そういう考えは一切なかった、というか僕に起こるはずがないと無意識に思っていたらしい。
そのため動揺はしたが、冷静になると大したことじゃない。
別に彼女は僕に好意があるとか、そういうことがしたいとかじゃないわけで。
ただ侍女として、そういう命を受けるかもしれないと思っていただけのことだろう。
ウィノナの過去や経歴は知らないけど、明らかに動揺し、怯えている彼女のことだ。
恐らく今回のようなことは初めてなんだろう。
ほら、きちんと考えれば動揺することはないじゃないか。
それが事実であれ、どうであれとりあえずは筋道は通っている。
一先ず、無言のままではまずい。
「え、えと、そういうのはいいよ。うん。かなり疲れてるし。
それに、そういうのはほら、好きな人とするべきじゃないかな」
「…………え?」
え、ってあなた。
なんで、何言ってるのみたいな顔してるの、この娘。
僕としては良いことを言ったつもりなんだけど。
若干引いたような表情をされてしまったような気がする。
変なことを言ったのだろうか。
しかし吐いた言葉は飲みこめない。
僕はしたり顔をし続けてしまう。
踏み出したからにはもう後戻りはできないのだ。
僕はそのまま行くことにした。
「と、とにかくそういうことだから!
ウィノナはそういうことはしなくていいから!
今日は早く寝ること! いいね!?」
「で、では、せめて……お、お身体を洗わせていただけませんか?」
「お身体も自分で洗いますので結構です! お互いに早く休んで、体力を回復しましょう。
以上! おやすみなさい!」
僕はまだ何か言おうとしているウィノナを無理やり追い出して、扉を閉めた。
なぜか息が荒くなり、動悸が激しくなっている。
一体なんだったんだ。
こんな展開、今まで経験したことがなかった。
ただの言葉の応酬。
でもそれだけでも動揺が強い。
つまり童貞には刺激が強すぎる、というやつだ。
女性がらみだと、たまに姉さんがぐいぐい来ることがある程度だったからなぁ。
他には色気のある出来事はなかった……こともないけど、ほとんどなかったし。
免疫がない分、だめだな、こういうのは。
……もしも了承していたらどうなっていたんだろうか。
本当に夜のお世話をして貰っていたのだろうか。
それはそれでなんというかかなり淫らで、思わず頭を掻き毟りたくなるような衝動に駆られるけど、なんか違うな。
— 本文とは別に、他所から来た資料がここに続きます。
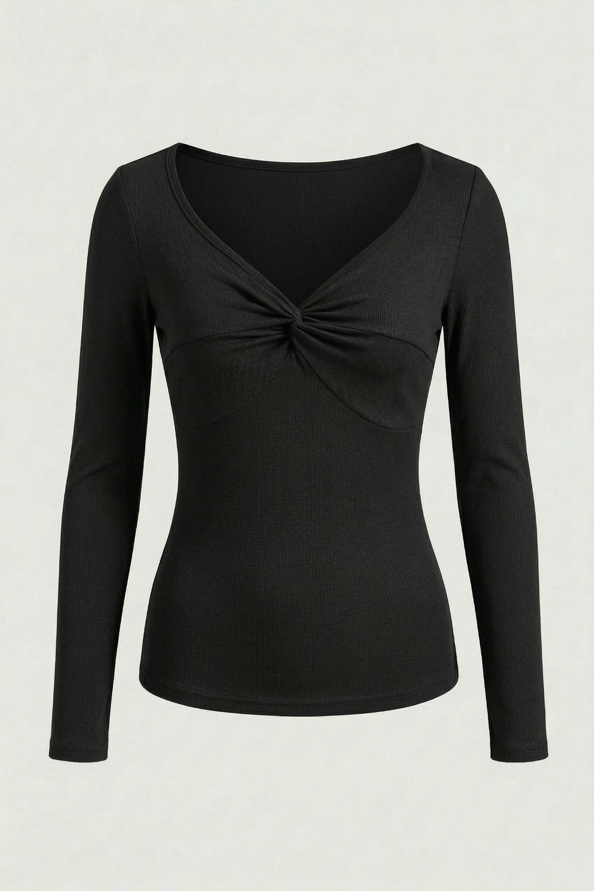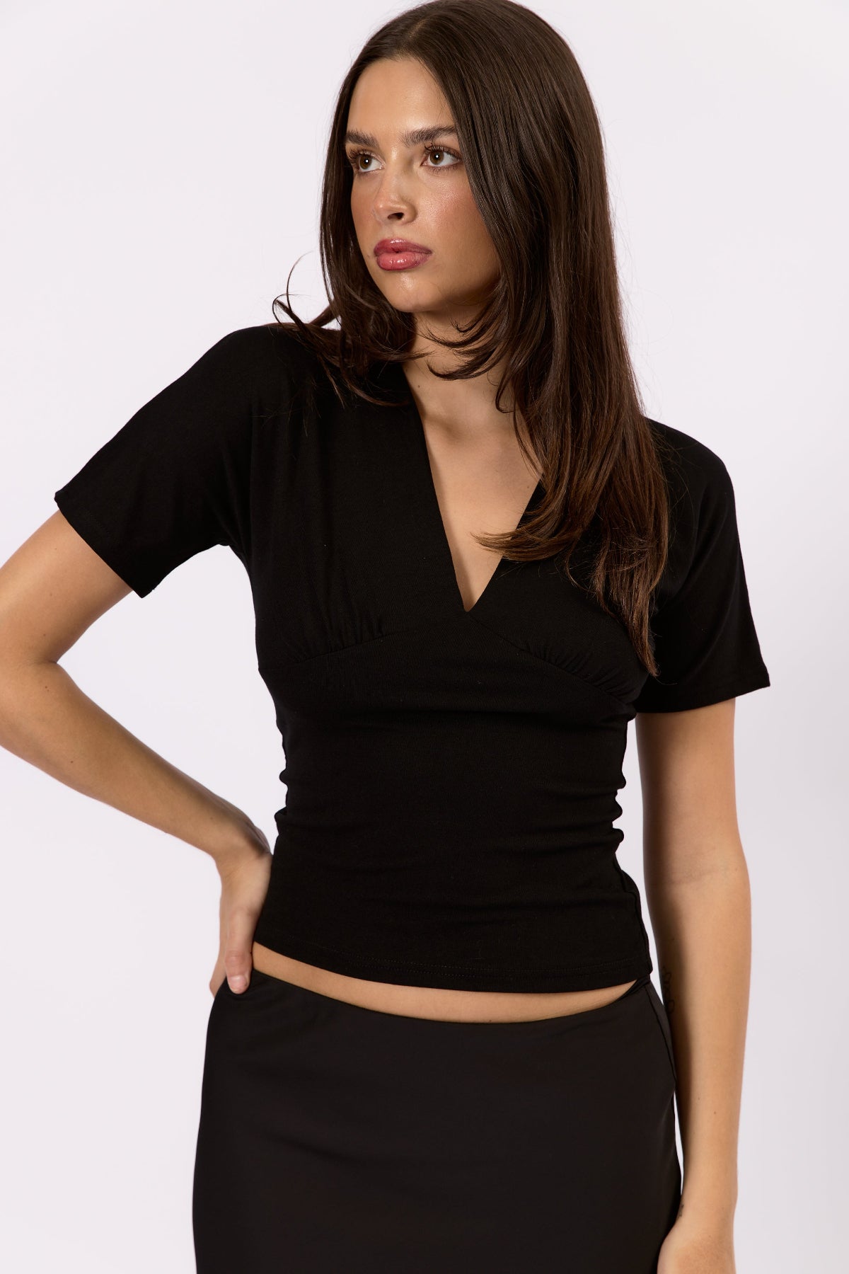 Margaux Deep V Henley Top - Black

義務的な関係で、そんなことをしても嬉しくもないだろう。
ウィノナは命令だからあんなことを言ったのだろうか。
もしそうなら悲しいことだと思った。
侍女とはそういう仕事なのだろうか。
もやもやする気持ちを整理できず、僕は強引に思考を切り替える。
とにかく寝ないと。
治療はまだ続いている。
患者が待っているのだ。
僕は扉の外の気配を探り、誰もいないことがわかると、湯桶を借りるために外に出た。